Тонкий вежливо закивал, пожал протянутую руку и подумал над еще одной странностью бабушек: ты их в глаза не видел, а они тебя знают! Причем знают настолько хорошо, что могут описать… Вот кому в сыске работать надо!
– Она говорила, к вам воры залезли, а ты их разогнал? Здо́рово, я бы испугался.
Тонкий посмотрел на квадратного Витька, чьим кулаком можно было бы колоть орехи, причем кокосовые, и подумал, что это он из вежливости. Или так, чтобы разговор поддержать. Тонкий вот за свою жизнь так и не научился поддерживать разговор. Когда говорить вроде и не о чем, но из вежливости требовалось, он терялся и молчал, как дурак. А бабушка потом возмущалась, какой у нее внук невоспитанный.
– Так я испугался. Сначала. А потом…
Без всякого удовольствия Тонкий рассказал Витьку, как было дело с кражей. В красках расписал картину: «Полуголый придурок бежит за милицией, а бабушки держат вора». Витек смеялся, а Тонкий думал: о чем еще рассказывать, когда эта история иссякнет?
Но когда история закончилась, Витек поведал, как однажды к ним в пекарню залезли бомжи. Унесли не пироги, не хлеб, не топливо, а прокисшие ягоды, наверное, для браги. Пропажу заметили только после того, как сосед Валерий Палыч указал Витьку на срезанный замок: «Это так и надо? Третий день замок на одной дужке болтается!»
– А как узнали, что это были бомжи? – полюбопытствовал Тонкий.
– Так они потом возвращались! – Витек хохотнул. – Несколько раз в открытую встречали меня у порога и спрашивали, нет ли еще прокисших ягод. Просили, чтобы я их не выбрасывал, а выставлял на улицу, типа: «Мы ведра тебе вернем».
– А ты?
– Послал их куда подальше. Нечего было спиливать замок, попросили бы сразу…
Тонкий в сотый раз посмотрел на Витька, в сотый раз представил того ненормального смельчака, который вздумал бы чем-то Витьке насолить, а потом еще и признаться в этом. Никто умнее первоклашки воображаться не хотел, и Тонкий оставил это занятие. Тем более что они уже пришли.
– Вот моя фазенда. – Витек гостеприимно распахнул калитку. – Здесь я гроблю свои молодые годы, мечтая стать богатым и знаменитым.
– Что, правда? – наивно спросил Тонкий.
– Ну, это пекарня матери. Я помогу ей подняться, пока не станет возможным нанять пекарей на мое место. Или пока она сама на пенсию не выйдет, – он смешно хмыкнул. – Но этого долго ждать. Давай заходи, знакомься с местными достопримечательностями. – И он протолкнул Тонкого в калитку.

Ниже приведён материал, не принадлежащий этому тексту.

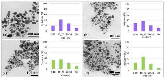 Figure 7b,d show the TEM microphotographs of the AgNPs stored in cold conditions, i.e., in a refrigerator. After 21 days, the shapes of the nanoparticles did not change. A slight change in the number of nanoparticles with a size of up to 20 nm (from 75% to 80% in the case of Ex-L and from 60% to 69% for Ex-F) was observed; such changes are not significant. The difference in the size distribution results could be due to statistical variation in the measurement of the distribution.

Достопримечательностей оказалось четыре: воинская часть за холмом, городок, больше смахивающий на деревню, чуть ближе – собственно пекарня и нервный сосед Валерий Палыч. Когда-то, не слишком давно, когда пекарня только открывалась, этот сосед не пожелал ехать в город (хоть ему и предлагали), а предпочел поселиться прямо рядом с пекарней. Все последующие месяцы он ежедневно жаловался на приторный запах булочек и шум грузовика по утрам.

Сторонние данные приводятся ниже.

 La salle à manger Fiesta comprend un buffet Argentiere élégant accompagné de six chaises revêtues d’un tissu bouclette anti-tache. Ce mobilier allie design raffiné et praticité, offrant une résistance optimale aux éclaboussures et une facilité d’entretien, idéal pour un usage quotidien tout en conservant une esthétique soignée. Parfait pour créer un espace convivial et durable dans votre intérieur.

Витек рассказывал долго и вдохновенно, как однажды Валерий Палыч выловил у пекарни солдатика, стоявшего в очереди за булками, и передал ему в руки жалобу на имя командира части. Что именно содержалось в депеше, Витек так и не узнал, понял только, что там говорилось про него. Но судя по тому, как долго потом хихикали солдаты всякий раз, когда покупали здесь булки, Валерий Палыч обвинил Витька как минимум в шпионаже.
– Может, он накатал, что я в пирожках секретные донесения распространяю или что у меня ракета в духовке спрятана, как-то так. Никто ничего путного не сказал, все только ржали.
Тонкий от души пожалел Витька: знать, что сосед хохмит, и не видеть самой депеши, над которой смеются солдаты… Обидно это, как ни крути.
В городке, больше похожем на деревню, и в воинской части, как понял Тонкий, живут основные покупатели Витиной выпечки. В том числе прапорщик, школа и булочная. В той школе Витек ни разу не был, но точно знал: по субботам туда ходят одни шестилетки, а географичка – дура, потому что никак не снимет с подоконника фикусы, давно вышедшие из местной моды.
Этими ужасно ценными сведениями Витек сыпал щедро и весело. Тонкий подумал, что парню, наверное, очень скучно здесь, в компании географички, школьников и Валерия Павловича. В голову закралось страшное подозрение: «Может быть, здесь еще и Интернета нет?»
Витек, увлекшись ролью экскурсовода, уже повел Тонкого в пекарню. Наполовину деревянная, наполовину кирпичная постройка с бревенчатыми колоннами неумолимо что-то напоминала…
– Здесь раньше был пионерский лагерь, – сообщил Витек. – Потом он переехал, и осталась одна столовая. Это и есть пекарня.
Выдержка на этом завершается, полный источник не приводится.